▶ REQUIRED ACTION
Whenever a picture appears, leave it out while repeating all the other data exactly.

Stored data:
☆ ☆ ☆
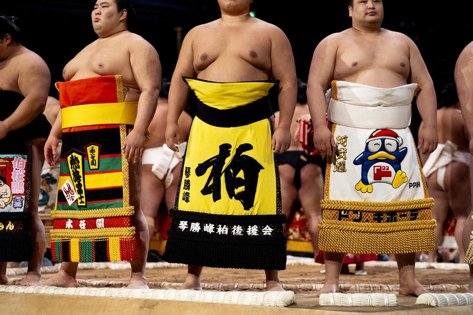 Sumo wrestlers, also known as Rikishi, practice before day two of the Grand Sumo Tournament at the Royal Albert Hall, London. Picture date: Thursday October 16, 2025. Photo: Jordan Pettitt/PRESS ASSOCIATION
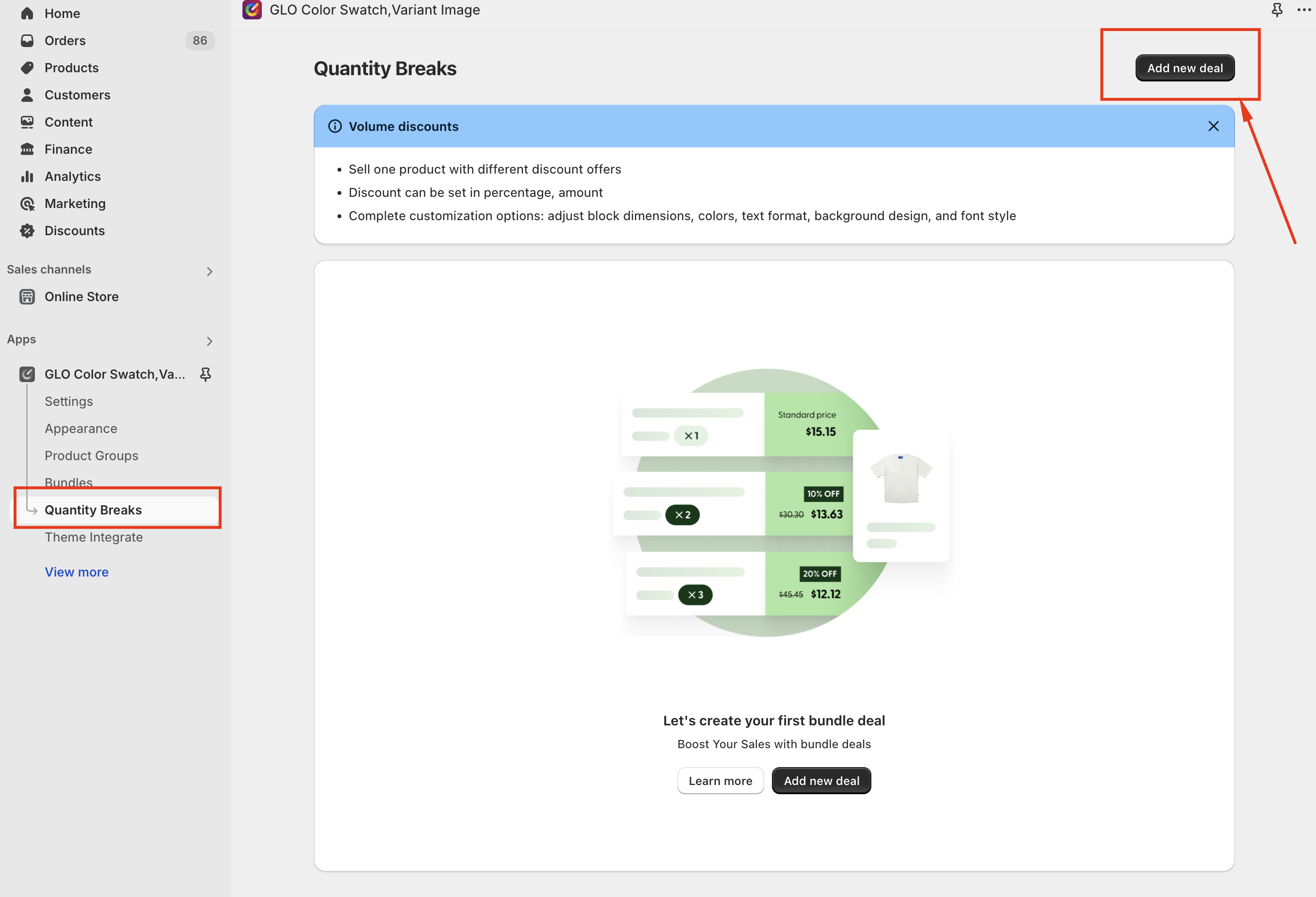 * Click **Apps** ->  choose **Bundles Quantity Breaks** option to showcase the offers.
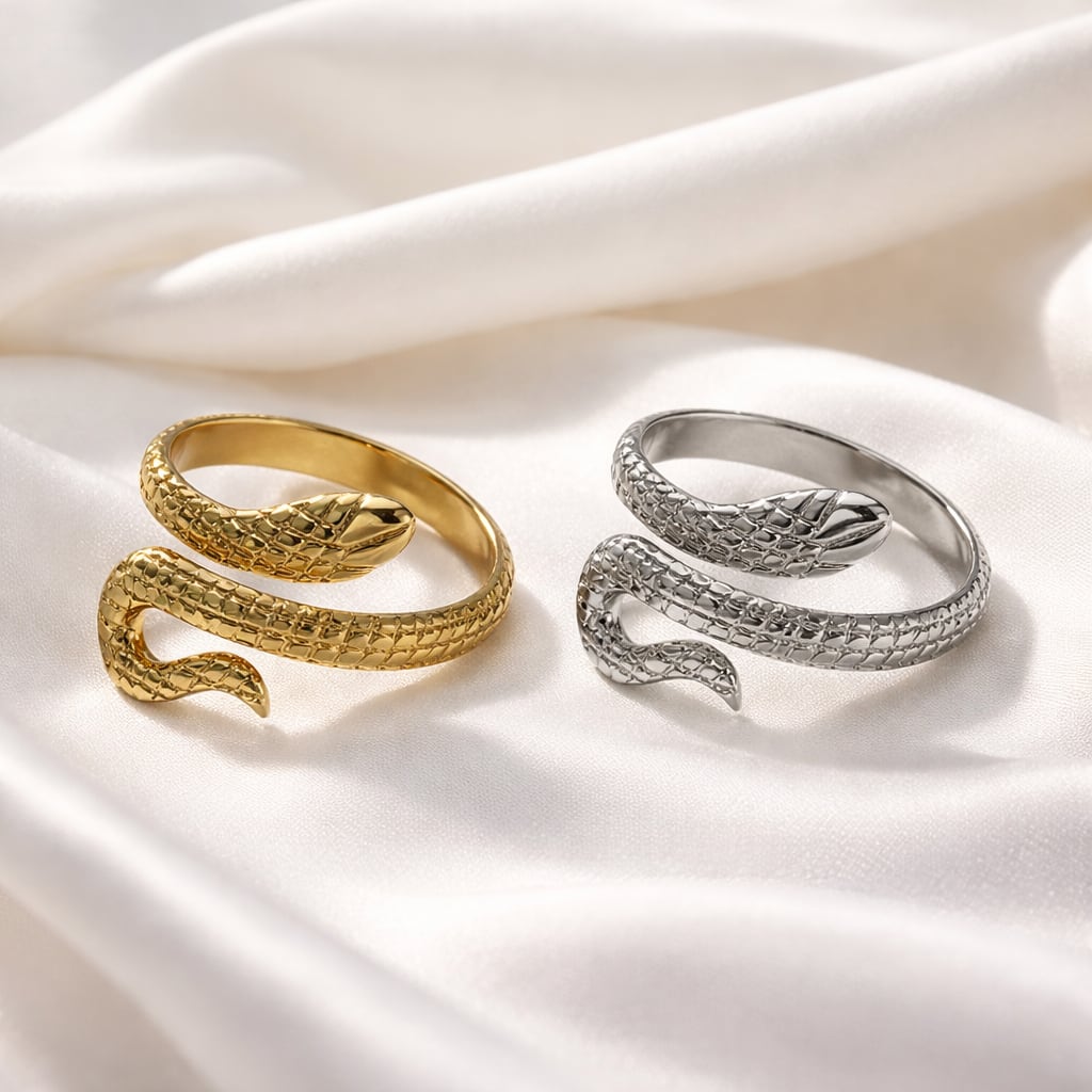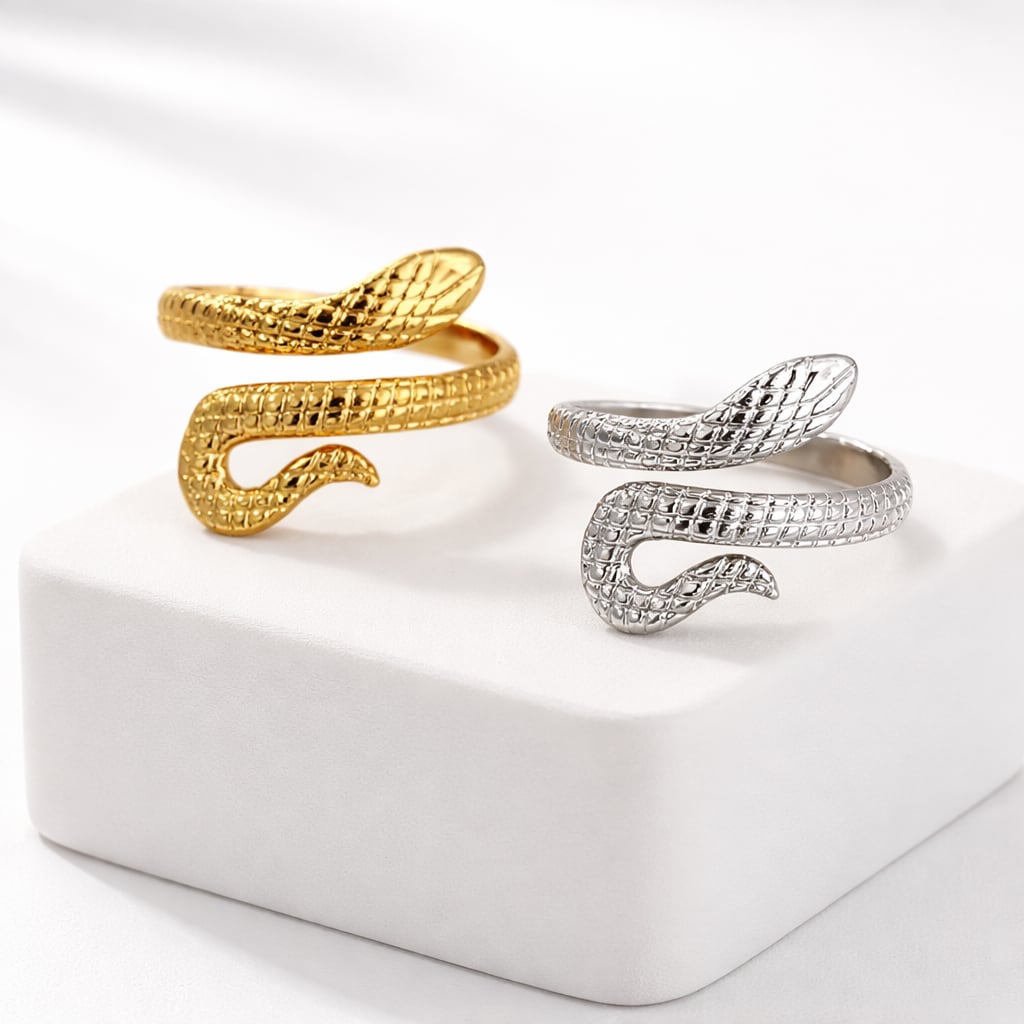 #サージカルステンレス316L #ステンレスリング #スネークリング #蛇モチーフ #オープンリング #ゴールドリング #シルバーリング #モチーフリング #大人アクセサリー #デザインリング #重ね付けリング #ギフトにおすすめ #AtelierBEcudes
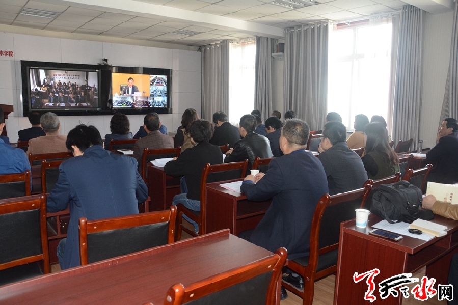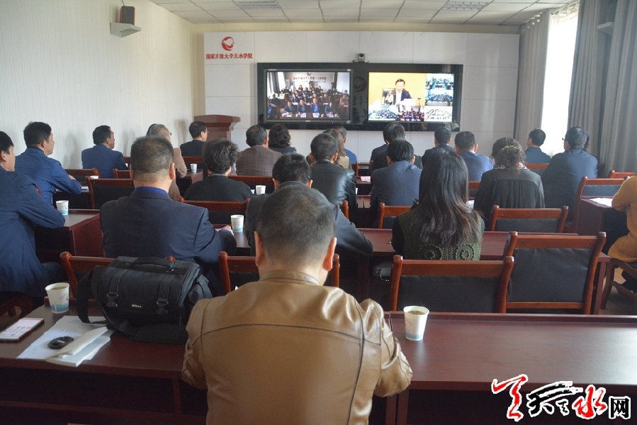 市委組織部分管領(lǐng)導(dǎo)、聯(lián)絡(luò)員、各單位學(xué)員代表在天水電大收聽收看開班儀式。
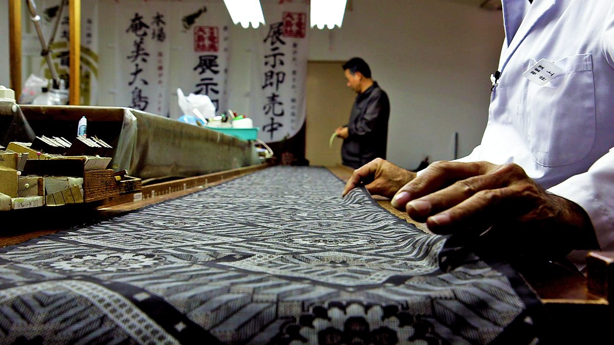 Isosuke Inoue checks that the finished silk meets the correct standard of weaving. He does this mainly by feel and amazingly he can identify individual weavers work by touch.
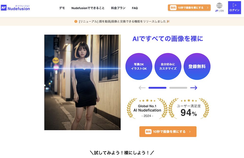 どれだけ簡単にヌード画像が作れるのか、実際に試してみるべく、数あるヌード化アプリの中でも、今回は「Nudefusion(ヌードフュージョン)」というサービスを使ってみた。
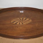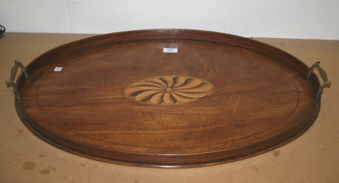 A Victorian mahogany oval tea tray, inlaid with a fan patera within a raised border, with applied brass handles, width approx 71cm.
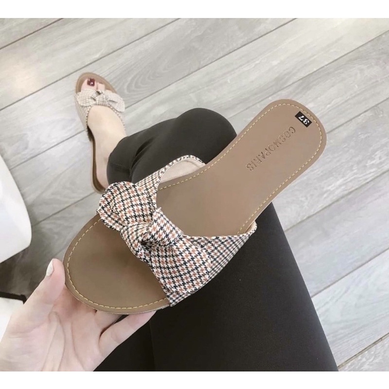 Giày Dép Nữ > Xăng-đan và dép > Dép kẹp/ dép xỏ ngón || Dép nơ kẻ caro
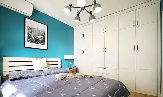 當然不可能,貝殼粉要做到完美。來到臥室又換了另一種感覺,氣氛的更換我們怎么做到的?當然是用墻面色彩,臥室的床頭背景墻這次選用藍色,白藍的搭配是都市生活前衛潮流的象征,非常漂亮。
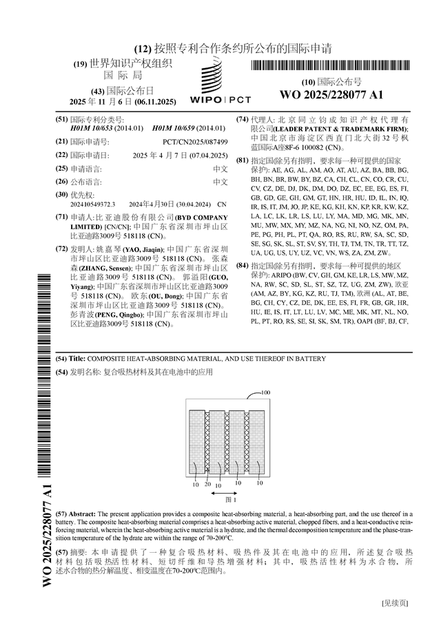 证券之星消息,根据企查查数据显示比亚迪(002594)公布了一项国际专利申请,专利名为“复合吸热材料及其在电池中的应用”,专利申请号为PCT/CN2025/087499,国际公布日为2025年11月6日。
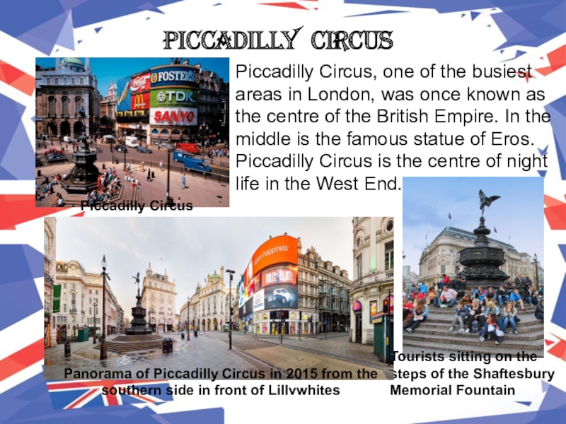 Piccadilly Circus, one of the busiest areas in London, was once known as the centre of the British Empire. In the middle is the famous statue of Eros. Piccadilly Circus is the centre of night life in the West End.
☆ ☆ ☆
▶ RESULT
 Sumo wrestlers, also known as Rikishi, practice before day two of the Grand Sumo Tournament at the Royal Albert Hall, London. Picture date: Thursday October 16, 2025. Photo: Jordan Pettitt/PRESS ASSOCIATION
 * Click **Apps** ->  choose **Bundles Quantity Breaks** option to showcase the offers.
 #サージカルステンレス316L #ステンレスリング #スネークリング #蛇モチーフ #オープンリング #ゴールドリング #シルバーリング #モチーフリング #大人アクセサリー #デザインリング #重ね付けリング #ギフトにおすすめ #AtelierBEcudes
 市委組織部分管領(lǐng)導(dǎo)、聯(lián)絡(luò)員、各單位學(xué)員代表在天水電大收聽收看開班儀式。
 Isosuke Inoue checks that the finished silk meets the correct standard of weaving. He does this mainly by feel and amazingly he can identify individual weavers work by touch.
 どれだけ簡単にヌード画像が作れるのか、実際に試してみるべく、数あるヌード化アプリの中でも、今回は「Nudefusion(ヌードフュージョン)」というサービスを使ってみた。
 A Victorian mahogany oval tea tray, inlaid with a fan patera within a raised border, with applied brass handles, width approx 71cm.
 Giày Dép Nữ > Xăng-đan và dép > Dép kẹp/ dép xỏ ngón || Dép nơ kẻ caro
 當然不可能,貝殼粉要做到完美。來到臥室又換了另一種感覺,氣氛的更換我們怎么做到的?當然是用墻面色彩,臥室的床頭背景墻這次選用藍色,白藍的搭配是都市生活前衛潮流的象征,非常漂亮。
 证券之星消息,根据企查查数据显示比亚迪(002594)公布了一项国际专利申请,专利名为“复合吸热材料及其在电池中的应用”,专利申请号为PCT/CN2025/087499,国际公布日为2025年11月6日。
 Piccadilly Circus, one of the busiest areas in London, was once known as the centre of the British Empire. In the middle is the famous statue of Eros. Piccadilly Circus is the centre of night life in the West End.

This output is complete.